A treatment emulsion comprising an oil-in-water emulsion was prepared by emulsifying an oil phase in a water phase with one or more surfactants. An oil component comprising 54.7 weight percent of a blend of linoleic acid (ω-6) and linoleic acid (ω-3), 27.6 weight percent of monounsaturated fatty acids comprising at least oleic acid (ω-9), 12.9 weight percent of saturated fatty acids and 4.8 weight percent other components was used to prepare the oil phase of the treatment emulsion. The oil phase was prepared by combining 30 weight percent of the oil component, 1 weight percent soy lecithin, 2 weight percent Surfynol 440 surfactant, 0.05 weight percent of a defoamer, 0.1 weight percent of a biocide and 0.1 weight percent of xanthan gum in a mixing vessel positioned under a Hockmeyer disperser equipped with a 4-inch F-style blade. The blade was lowered into the oil phase and the oil phase was mixed for 15 minutes at a rotational speed of 800 RPM. While the Hockmeyer dispenser was still mixing the oil phase, 33 weight percent of water was slowly added into the oil phase. With the Hockmeyer disperser still mixing, an in-line Solverson rotor-stator mixer was turned on to shear mix the combination of the oil phase and initial water addition at 8000 RPM for 5 minutes. After 5 minutes of shear mixing, the Silverson mixer was reduced to 30 Hertz and 33.75 weight percent of additional water was slowly added. The Silverson mixer was turned off and the contents of the mixing vessel were mixed with the Hockemeyer disperser for an additional 15 minutes at 800 RPM.

Example 8

The treatment emulsion of Example 8 comprising an oil-in-water emulsion was prepared in accordance with Example 7, but with using an oil phase prepared with 30 weight percent of the oil component, 1 weight percent soy lecithin, 2 weight percent naphthalene alkoxylate polymer non-ionic surfactant, 0.05 weight percent of a defoamer, 0.1 weight percent of a biocide and 0.1 weight percent of xanthan gum.

Example 9

The treatment emulsion of Example 9 comprising an oil-in-water emulsion was prepared in accordance with Example 7, but with using an oil phase prepared with 30 weight percent of the oil component, 1 weight percent soy lecithin, 7.10 weight percent naphthalene alkoxylate polymer non-ionic surfactant, 0.05 weight percent of a defoamer, 0.1 weight percent of a biocide and 0.1 weight percent of xanthan gum, and a reduction of 5.10 weight percent of water.

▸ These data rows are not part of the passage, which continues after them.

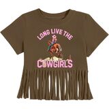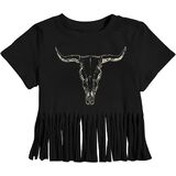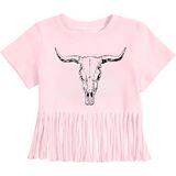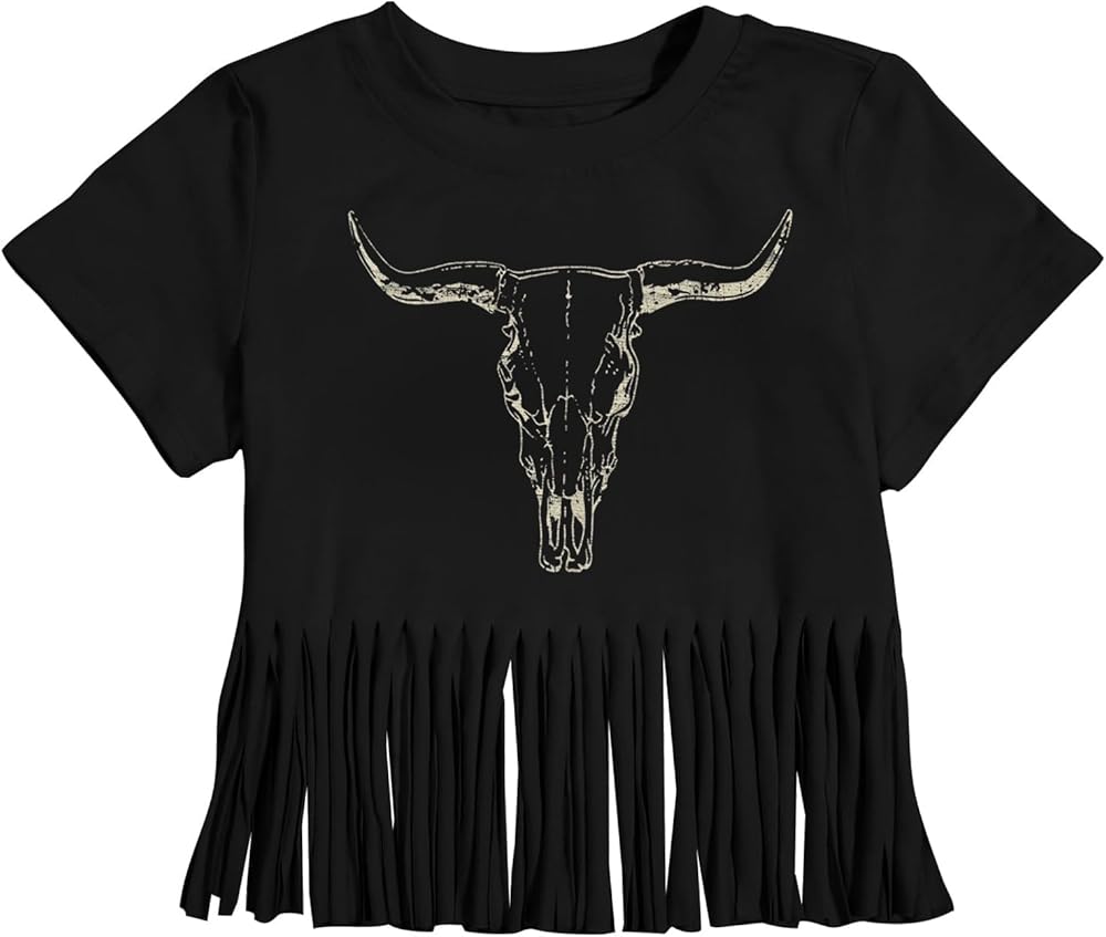 Authentic Western Style: Embrace the cowgirl spirit with this adorable cow head graphic print, featuring playful fringe accents for a genuine Western look.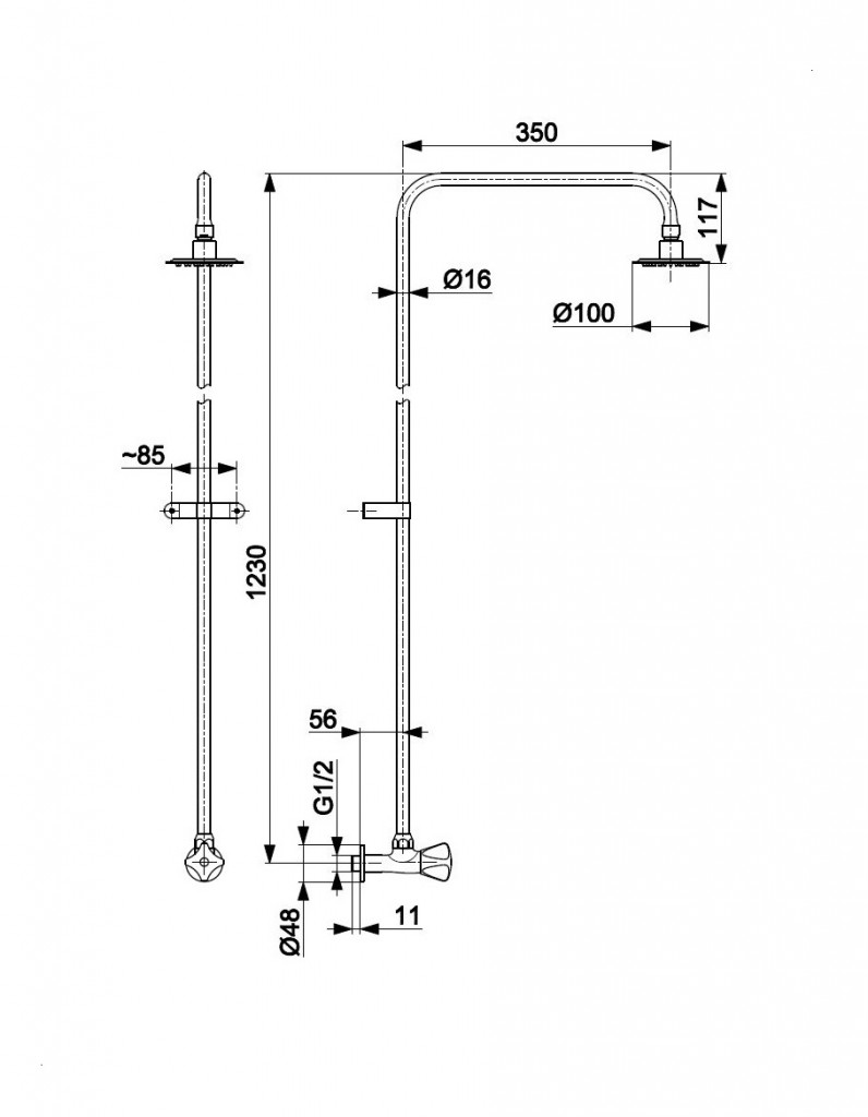 Vypúšťací ventil sérieSTANDARD s tyčou a pevnou sprchou.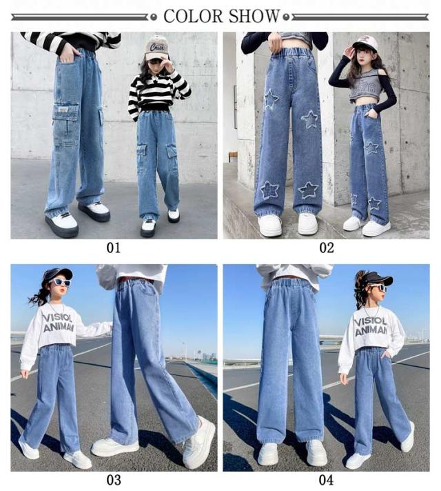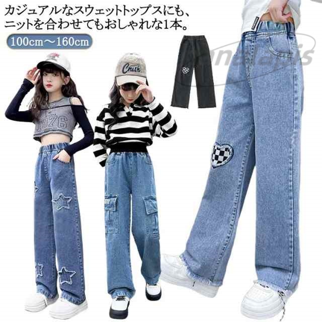 小学生 中学生 衣装 ジュニア 韓国子供服 女の子 ダメージ ワイドパンツ 送料無料 ウエストゴム ダンス ジーンズ キッズ ロングパンツ 長ズボン デニムパンツ ジーパン ジュニア 子供用パンツ おしゃれ 春 秋 冬 100cm 110cm 120cm 130cm 140cm 150cm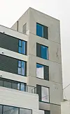 – Fasadenes klimavegg er kledd med sementbaserte plater i etasjeskillene og en trekledning i feltene mellom vinduer som skaper lokal tilhørighet i materialvalg, farge og skala, sier Sagland.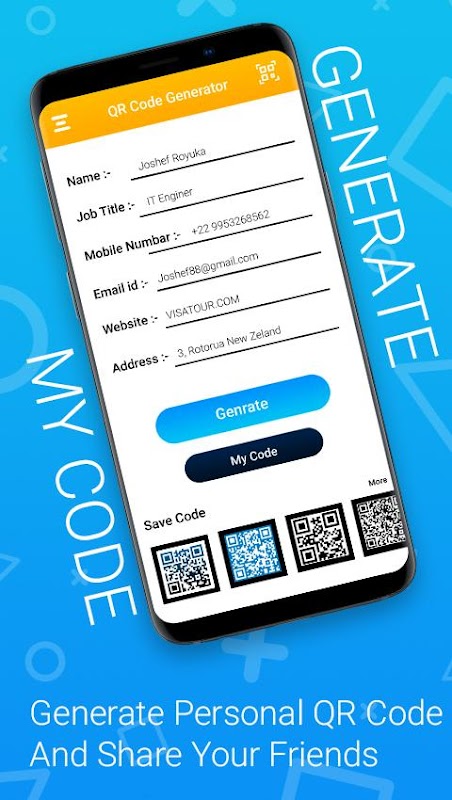 O QR Code Generator and Scanner é um aplicativo básico e valioso que faz com que você crie sua própria imagem personalizada de código de barras. você pode utilizar essa imagem de etiqueta padronizada para aviso, compartilhar dados e se transformar em um pedaço do mundo de vanguarda.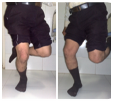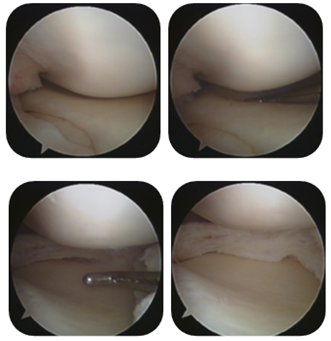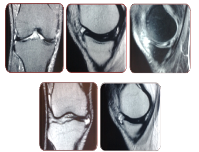 A 42 year old male consulted at arthroscopy and sports medicine institute because of right anteromedial knee pain on complete knee straightening and occasional limp and swelling on exertion. The pain was of 8 months duration, without any previous history of trauma, fall, either direct or indirect and was insidious in origin, and gradually progressive. There was occasional catching sensation especially on near complete knee extension. The pivoting activities was accompanied by pain and limp later and gradually progressed, affecting activities of daily living like prolonged standing ,sitting cross legged and squatting. The patient did notice fullness in the anteromedial region on exertion. There was no rest pain and no constitutional symptoms. Clinically, the medial joint line was tender and, Steinman II and Thessaly test were positive4 (Figure 2). He had full range of motion with pain only on terminal extension localizing medially. The lachman, pivot shift was negative. Radiographs were seemingly normal with a flat medial plateau with MRI showing a bow-tie sign persisting in all sagittal images of medial meniscus with a grade 2 signal intensity (Figure 3).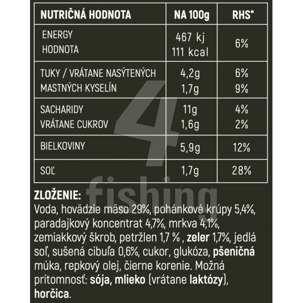 Produkt vznikol pre ľudí, ktorí chcú rýchle, výživné a chutné jedlo bez zdĺhavého varenia. Stačí ho zohriať a v priebehu pár minút získate sýtu a plnohodnotnú porciu. Pohánka dodáva vlákninu a minerály, zatiaľ čo hovädzie mäso poskytuje bielkoviny potrebné na doplnenie síl. Pikantný guláš oživuje chuť a dodáva pocit sýtosti.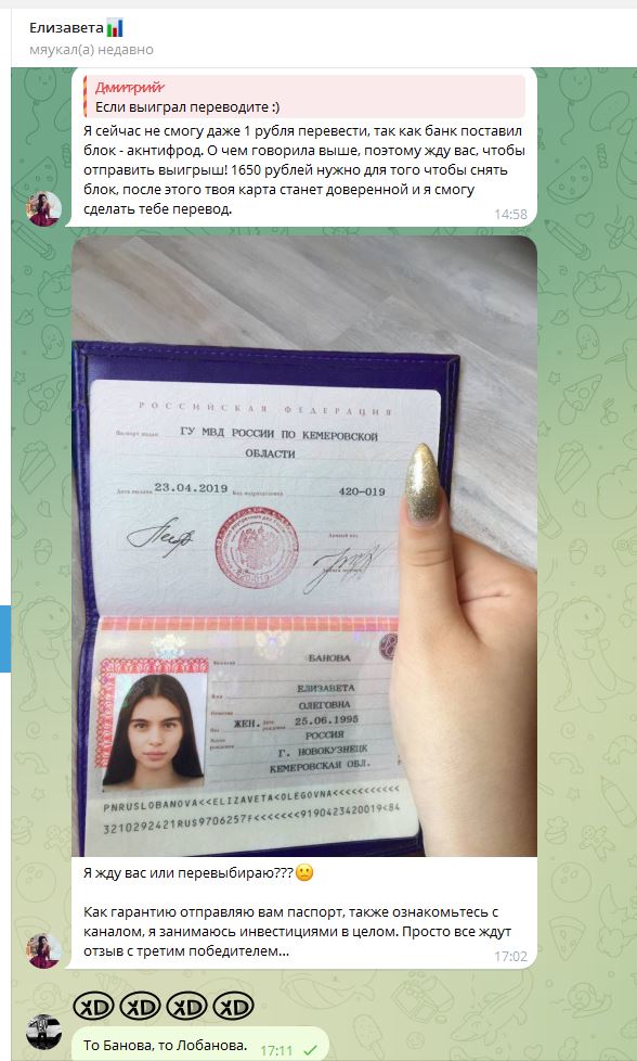 Но что бы прислать их мне, написала сказку про банки и что нужно отправить 1% от выигрыша :))))))))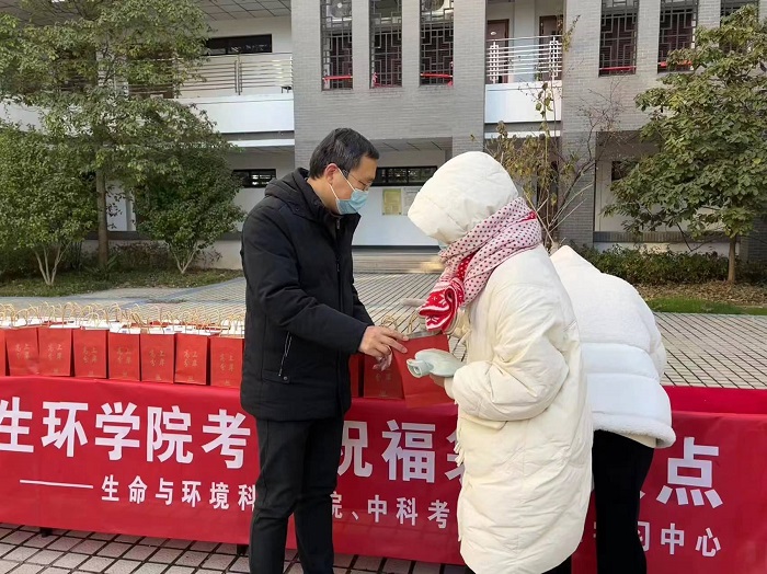 12月20日,当清晨的第一缕阳光悄悄洒向校园,生环学院领导、全体辅导员老师,来到太阳成集团tyc7111楼,将福袋发放到全院近400位考研学子手中,在寒冷的冬日给考研学子们送去暖心关怀。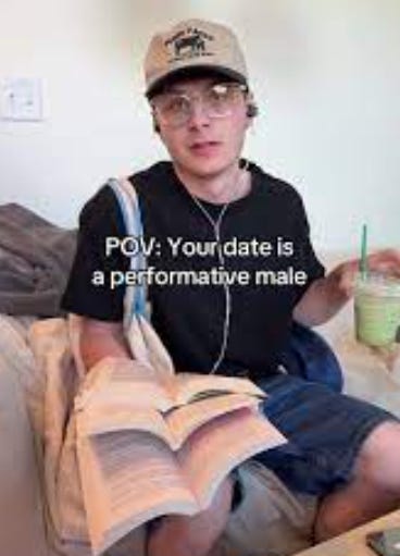 ”Performative man” TikToks exemplify this, really. They’re about achieving a highly coveted spot on the cool people invite list - not because your dad has a yacht, or you work for Penguin Publishing - but because you can convincingly name drop Sartre to people who also haven’t read him.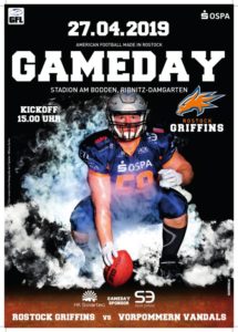 Die Gäste aus Vorpommern, die für ihre gut organisierte und vor allem disziplinierte Spielweise bekannt sind, sind dabei ein guter Gegner und verfolgen ähnliche Ziele. Für die GriFFANS wird das Spiel nach dem überzeugenden Auftritt beim Erstligisten aus Dresden die erste Möglichkeit sein, ihr Team 2019 live zu erleben. Manager Jens Putzier freut sich insbesondere über die Möglichkeit, dieses Event im wunderschönen Stadion am Bodden in Ribnitz-Damgarten austragen zu können, und verspricht wie immer einen tollen Gameday: „Wir werden fast alles haben, was wir sonst auch benutzen oder aufbieten. Das ist natürlich ein großer logistischer Aufwand, aber unsere treuen Fans in Vorpommern sind das allemal wert. So wird das auch für uns im Hinblick auf die Gamedayabläufe als Orga Team eine Generalprobe für das Jahr 2019. Wir freuen uns jedenfalls auf diese Premiere und auf hoffentlich viele interessierte Footballfans!“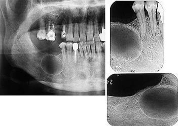 发现下前牙变色,唇侧牙龈一肿物一月余,经X 线检查,结果如图。最可能的诊断是 ( )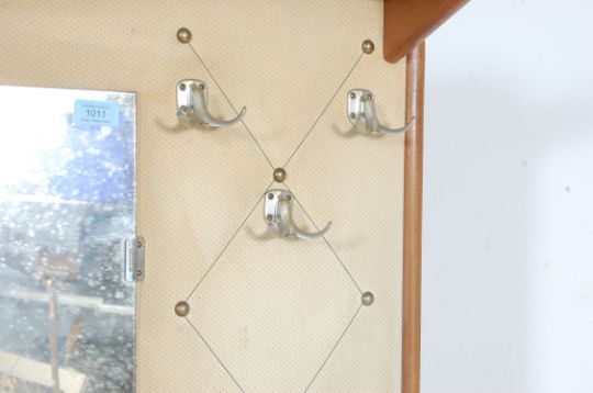 A retro vintage 1960s hall stand of narrow proportions with a slatted hat rack above a vinyl studded back with three chrome coat hooks and a portrait mirror above a glove box with a fall flap raised on a wooden base. Measures, 183 cm H x 64 cm W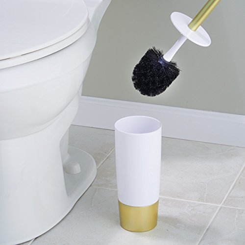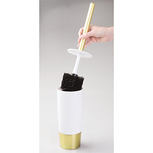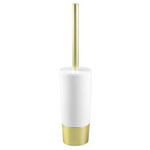 mDesign Hideaway Toilet Bowl Brush and Holder for Bathroom Storage - White/Gold/Brass

The median and mean emulsion particle sizes of Example 1-9 are set forth in Table 1 below:

TABLE 1
Example	Mean Particle Size (μm)	Median Particle Size (μm)

Example 1	26.17	6.438
Example 2	8.982	5.892
Example 3	9.533	6.055
Example 4	7.418	4.801
Example 5	7.32	4.28
Example 6	3.883	3.074
Example 7	2.189	2.089
Example 8	3.64	3.064
Example 9	3.247	2.701

While the present disclosure has been described in connection with various illustrative embodiments, it is to be understood that other similar embodiments may be used or modifications and additions may be made to the described embodiments for performing the same function disclosed herein without deviating therefrom. The embodiments described above are not necessarily in the alternative, as various embodiments may be combined to provide the desired characteristics. Therefore, the present disclosure should not be limited to any single embodiment, but rather construed in breadth and scope in accordance with the recitation of the appended claims.